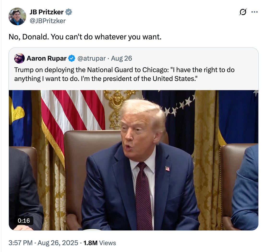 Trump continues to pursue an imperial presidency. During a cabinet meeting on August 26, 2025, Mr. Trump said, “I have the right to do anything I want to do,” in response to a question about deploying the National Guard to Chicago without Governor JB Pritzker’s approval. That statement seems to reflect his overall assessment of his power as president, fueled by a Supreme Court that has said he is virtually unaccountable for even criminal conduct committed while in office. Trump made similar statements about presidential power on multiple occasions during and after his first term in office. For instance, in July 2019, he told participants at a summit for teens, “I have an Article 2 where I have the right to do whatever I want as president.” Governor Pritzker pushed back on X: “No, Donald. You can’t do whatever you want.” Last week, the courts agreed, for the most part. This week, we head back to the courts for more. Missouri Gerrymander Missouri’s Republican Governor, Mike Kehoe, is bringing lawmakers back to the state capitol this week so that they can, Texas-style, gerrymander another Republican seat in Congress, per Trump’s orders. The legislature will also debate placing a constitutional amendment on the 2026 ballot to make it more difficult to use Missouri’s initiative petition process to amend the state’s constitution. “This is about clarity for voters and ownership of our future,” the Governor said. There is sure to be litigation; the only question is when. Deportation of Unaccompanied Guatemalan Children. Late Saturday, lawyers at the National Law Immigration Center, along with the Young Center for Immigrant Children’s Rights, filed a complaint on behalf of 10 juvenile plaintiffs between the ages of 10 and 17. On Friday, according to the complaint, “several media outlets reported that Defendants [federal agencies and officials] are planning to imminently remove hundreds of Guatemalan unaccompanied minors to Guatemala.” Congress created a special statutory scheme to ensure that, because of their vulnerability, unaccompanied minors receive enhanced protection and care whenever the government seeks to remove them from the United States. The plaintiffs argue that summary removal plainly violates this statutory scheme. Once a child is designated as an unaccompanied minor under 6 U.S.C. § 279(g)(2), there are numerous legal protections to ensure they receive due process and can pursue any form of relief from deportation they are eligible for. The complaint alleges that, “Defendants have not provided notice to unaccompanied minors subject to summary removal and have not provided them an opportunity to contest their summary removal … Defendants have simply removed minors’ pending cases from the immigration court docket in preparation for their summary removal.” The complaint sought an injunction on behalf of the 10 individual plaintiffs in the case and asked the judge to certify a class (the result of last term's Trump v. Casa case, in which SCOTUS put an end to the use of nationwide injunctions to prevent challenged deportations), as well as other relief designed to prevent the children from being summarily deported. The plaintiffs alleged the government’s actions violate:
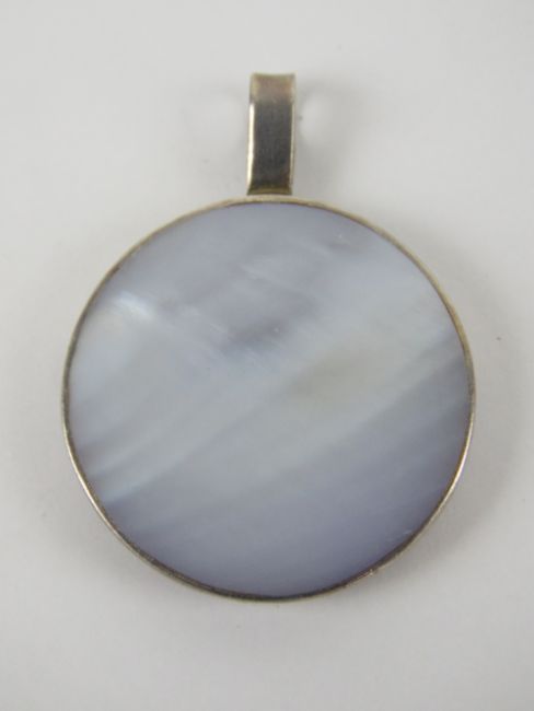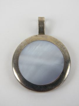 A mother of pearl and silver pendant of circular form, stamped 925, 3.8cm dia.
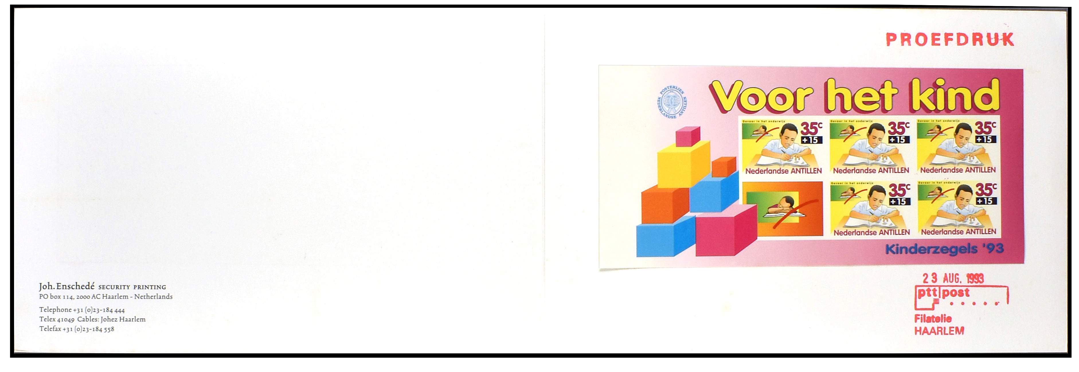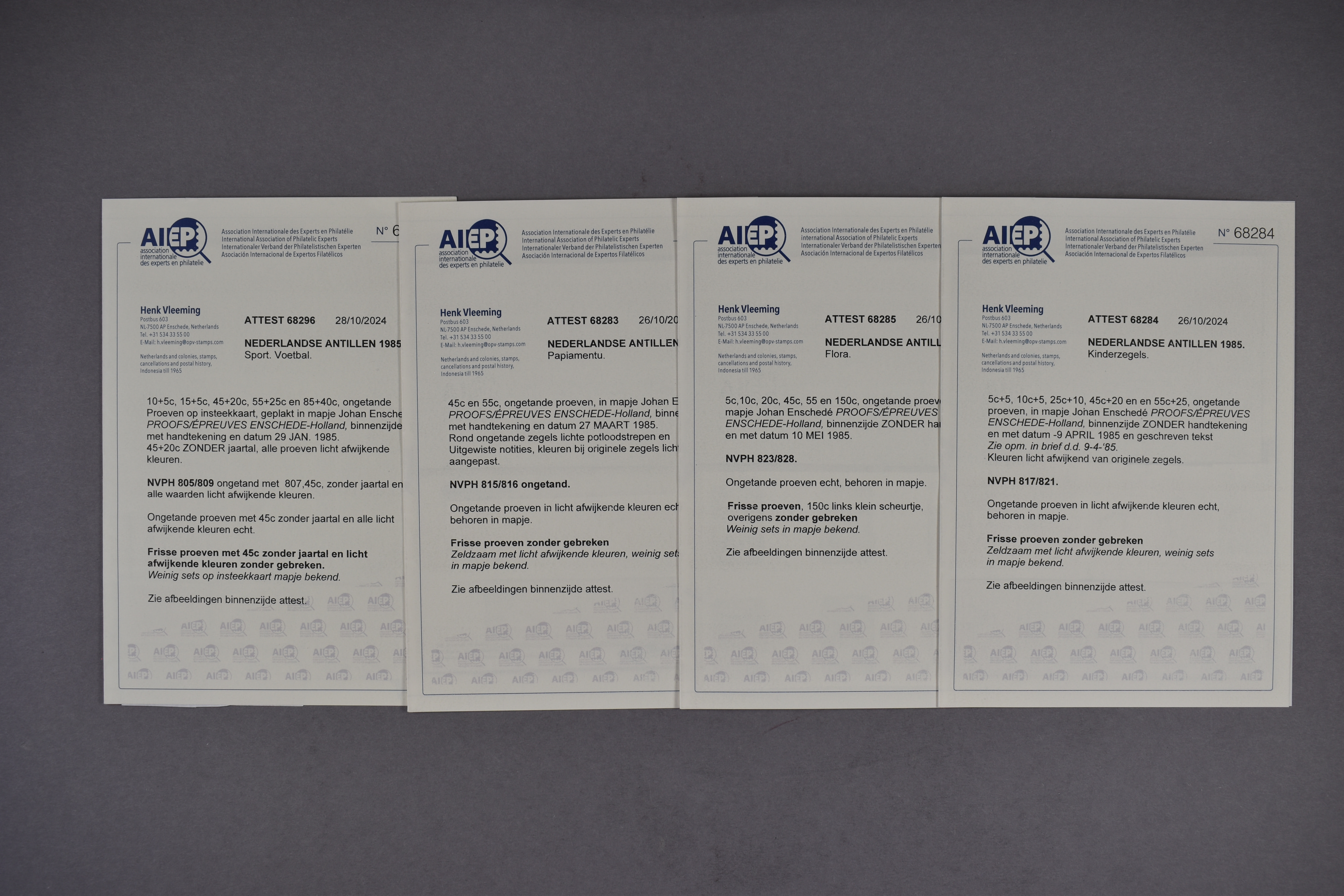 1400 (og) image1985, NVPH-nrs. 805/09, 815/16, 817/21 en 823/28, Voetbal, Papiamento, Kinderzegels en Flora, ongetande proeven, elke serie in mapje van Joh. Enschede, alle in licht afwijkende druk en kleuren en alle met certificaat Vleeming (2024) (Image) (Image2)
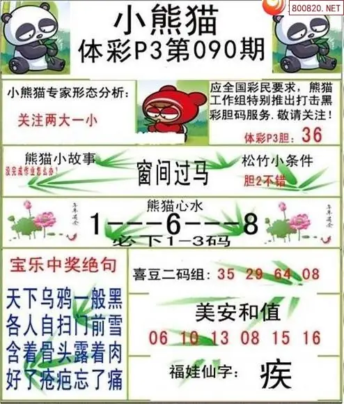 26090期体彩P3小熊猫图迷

_EXERCISE REQUIREMENTS_. Would you transcribe all of the data exactly, omitting any pictures?

_EXERCISE ANSWER_.
 Trump continues to pursue an imperial presidency. During a cabinet meeting on August 26, 2025, Mr. Trump said, “I have the right to do anything I want to do,” in response to a question about deploying the National Guard to Chicago without Governor JB Pritzker’s approval. That statement seems to reflect his overall assessment of his power as president, fueled by a Supreme Court that has said he is virtually unaccountable for even criminal conduct committed while in office. Trump made similar statements about presidential power on multiple occasions during and after his first term in office. For instance, in July 2019, he told participants at a summit for teens, “I have an Article 2 where I have the right to do whatever I want as president.” Governor Pritzker pushed back on X: “No, Donald. You can’t do whatever you want.” Last week, the courts agreed, for the most part. This week, we head back to the courts for more. Missouri Gerrymander Missouri’s Republican Governor, Mike Kehoe, is bringing lawmakers back to the state capitol this week so that they can, Texas-style, gerrymander another Republican seat in Congress, per Trump’s orders. The legislature will also debate placing a constitutional amendment on the 2026 ballot to make it more difficult to use Missouri’s initiative petition process to amend the state’s constitution. “This is about clarity for voters and ownership of our future,” the Governor said. There is sure to be litigation; the only question is when. Deportation of Unaccompanied Guatemalan Children. Late Saturday, lawyers at the National Law Immigration Center, along with the Young Center for Immigrant Children’s Rights, filed a complaint on behalf of 10 juvenile plaintiffs between the ages of 10 and 17. On Friday, according to the complaint, “several media outlets reported that Defendants [federal agencies and officials] are planning to imminently remove hundreds of Guatemalan unaccompanied minors to Guatemala.” Congress created a special statutory scheme to ensure that, because of their vulnerability, unaccompanied minors receive enhanced protection and care whenever the government seeks to remove them from the United States. The plaintiffs argue that summary removal plainly violates this statutory scheme. Once a child is designated as an unaccompanied minor under 6 U.S.C. § 279(g)(2), there are numerous legal protections to ensure they receive due process and can pursue any form of relief from deportation they are eligible for. The complaint alleges that, “Defendants have not provided notice to unaccompanied minors subject to summary removal and have not provided them an opportunity to contest their summary removal … Defendants have simply removed minors’ pending cases from the immigration court docket in preparation for their summary removal.” The complaint sought an injunction on behalf of the 10 individual plaintiffs in the case and asked the judge to certify a class (the result of last term's Trump v. Casa case, in which SCOTUS put an end to the use of nationwide injunctions to prevent challenged deportations), as well as other relief designed to prevent the children from being summarily deported. The plaintiffs alleged the government’s actions violate:
 A mother of pearl and silver pendant of circular form, stamped 925, 3.8cm dia.
 1400 (og) image1985, NVPH-nrs. 805/09, 815/16, 817/21 en 823/28, Voetbal, Papiamento, Kinderzegels en Flora, ongetande proeven, elke serie in mapje van Joh. Enschede, alle in licht afwijkende druk en kleuren en alle met certificaat Vleeming (2024) (Image) (Image2)
 26090期体彩P3小熊猫图迷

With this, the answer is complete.